We need to be very clear on the differences between construction costs and operating costs. I provided the graphic below to clarify things.
Funding for construction of the projects is supplied by a number of sources. In Key Largo’s case, funding for construction will also come out of rates. This is exactly why I think the discussion about equalizing rates is extremely premature. Ratepayers in the other unincorporated areas pay zero construction costs out of rates. Once the District can relieve their customers of that burden, they can re-analyze their rate structure.
When the county tries to conflate construction costs and operating costs, they are in fact needlessly creating a “quagmire” that would not exist otherwise. The FKAA has sole responsibility for operating costs within its service area. The District has sole responsibility for operating costs within its service area. The county has no business meddling in that. Monroe County is responsible for distributing the infrastructure sales tax. So far, they have failed to do so in an equitable manner. That alone should disqualify them from any discussion of rates until that failure is corrected.
If customers within FKAA’s service area have issues with operating costs, they need to take that up with the FKAA board. If customers within the District’s service area have issues with operating costs, they need to take that up with the District board. If the solution to high operating costs involves capital improvements then the county may play a role, by using the infrastructure sales tax to pay for some of those projects. But keep in mind, the FKAA has already received an massive benefit from that funding source just to build the projects.
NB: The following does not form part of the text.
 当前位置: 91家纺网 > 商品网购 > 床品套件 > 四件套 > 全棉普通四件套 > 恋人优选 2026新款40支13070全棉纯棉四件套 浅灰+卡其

Here’s what I think might really behind the talk of equalizing rates. Because of the way they planned and designed their wastewater system, the FKAA is looking at some very high operating costs. Low pressure systems are not cheap to maintain. The customers in Cudjoe Regional are already very unhappy over the use of low pressure systems within their service areas. Now the FKAA is looking at the possibility of angering them even further with high operating costs and rates. Not only that, there are clearly issues in Big Coppitt. That “gold standard” gravity system might not be as cost-effective as they counted on.
I suspect that the FKAA is looking for a savior. On the construction side that savior was Monroe County. The county over-subsidized the FKAA projects to the detriment of taxpayers countywide. When it comes to operating costs, the county can’t do that. What they can do is encourage the absorption of the District by the FKAA. That way, Key Largo ratepayers may subsidize operating costs as well.
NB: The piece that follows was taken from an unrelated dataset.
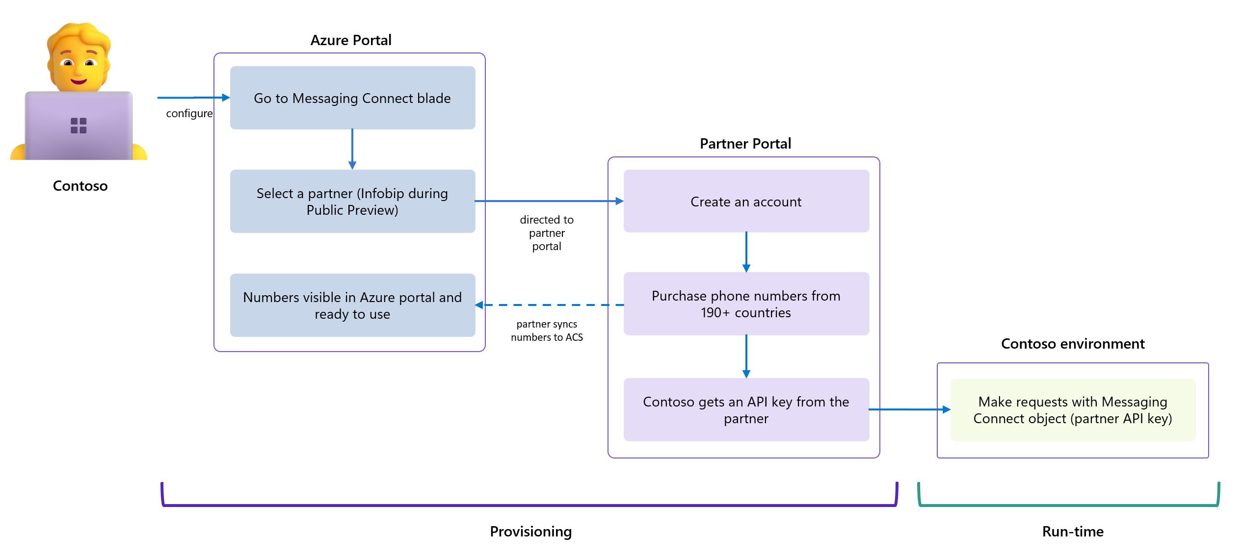 Messaging Connect introduit un nouveau modèle d’approvisionnement : au lieu d’obtenir des numéros directement à partir de Microsoft, vous les achetez via un partenaire approuvé, en commençant par Infobip, puis connectez-les à votre ressource Azure Communication Services. Ce processus vous permet d’accéder aux numéros SMS dans plus de 190 pays, tandis que le partenaire gère les flux de conformité, de documentation et d’approbation locaux.

The county administrator was talking about dissolving the District even before I left. And I think we might see that come up in the Tallahassee lobbying effort under the guise of consolidating and being more “efficient”. But what it’s really all about is soaking Key Largo ratepayers for operating costs, just like they did with construction costs. The good news is, the county cannot unilaterally dissolve the District. That has to be done by the District itself. But the District board has been off its game lately so ratepayers need to be awake and aware.
I asked the county for any and all material they plan to distribute in Tallahassee in support of the Stewardship Bill. I’m told there is only one document being prepared for distribution and that is being done by Rep. Raschein’s office. That is certainly a comforting thought, but I’d still like to see it. The county’s track record is so sleazy, I really can’t afford to take anything for granted.